Summaries from Association for Computational Linguistics on ShortScience.org

www.aclweb.org
sci-hub
scholar.google.com
Improving Word Representations via Global Context and Multiple Word Prototypes
Huang, Eric H. and Socher, Richard and Manning, Christopher D. and Ng, Andrew Y.
Association for Computational Linguistics - 2012 via Local Bibsonomy
Keywords: nlp
[link] Summary by Shagun Sodhani 8 years ago
# Improving Word Representations via Global Context and Multiple Word Prototypes

## Introduction

* This paper pre-dated papers like Glove and Word2Vec and proposed an architecture that
    * combines local and global context while learning word embeddings to capture the word semantics.
    * learns multiple embeddings per word to account for homonymy and polysemy.
* [Link to the paper](http://www.aclweb.org/anthology/P12-1092)

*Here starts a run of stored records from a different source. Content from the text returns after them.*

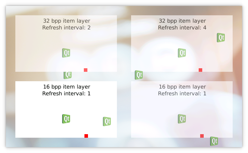 - ItemLayer with ID bpp32layer demonstrates rendering of items with different refresh intervals. In this case the red box moves every fourth refresh interval. Rendering hints are a way for a backend to select appropriate layer implementation and possibly use slightly different rendering approaches when certain hints are enabled. In this example you hint to the platform to favor size optimizations over speed optimizations.
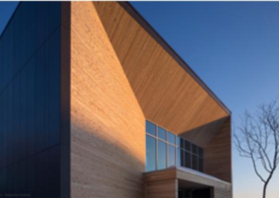 The exterior of the building features high performance concrete siding combined with eastern cedar – creating a result that is simple and dynamic. Attention given to the relationship between solids and voids lends the building an air of timeless elegance.
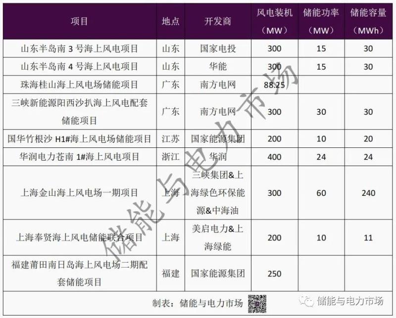 表:已啟動海上風電配儲能項目

## Global Context-Aware Neural Language Model

### Training Objective

* Given a word sequence *s* (local context) and a document *d* in which the sequence occurs (global context), learn word representations while learning to discriminate the last correct word in *s* from other words.
* *g(s, d)* - scoring function giving liklihood of correct sequence.
* *g(s<sup>w</sup>, d)* - scoring function giving liklihood of last word in *s* repalced by a word *w*.
* Objective - *g(s, d)* > *g(s<sup>w</sup>, d)* + 1 for any other word *w*.

### Architecture

* Two scoring components (neural networks) to capture:
    
    * Local Context
        * Map word sequence *s* into an ordered list of vectors *x = [x<sub>1</sub>, ..., x<sub>m</sub>]*.
        * *x<sub>i</sub>* - embedding corresponding to *i<sup>th</sup>* word in the sequence.
        * Compute local score *score<sub>l</sub>* by using a neural network (with one hidden layer) over *x*.
        * Preserves word order and syntactic information.
    * Global Context
        * Map document *d* to an ordered list of word embeddings, *d = (d<sub>1</sub>, ..., d<sub>k</sub>)*.
        * Compute *c*, the weighted average of all word vectors in document.
        * The paper uses *idf* score for weighting the documents.
        * *x = * concatenation of *c* and vector of the last word in *s*.
        * Compute global score *score<sub>g</sub>* by using a neural network (with two hidden layers) over *x*.
        * Similar to bag-of-words features.
    *score = score<sub>l</sub> + score<sub>g</sub>*
    * Train the weights of the hidden layers and the word embeddings.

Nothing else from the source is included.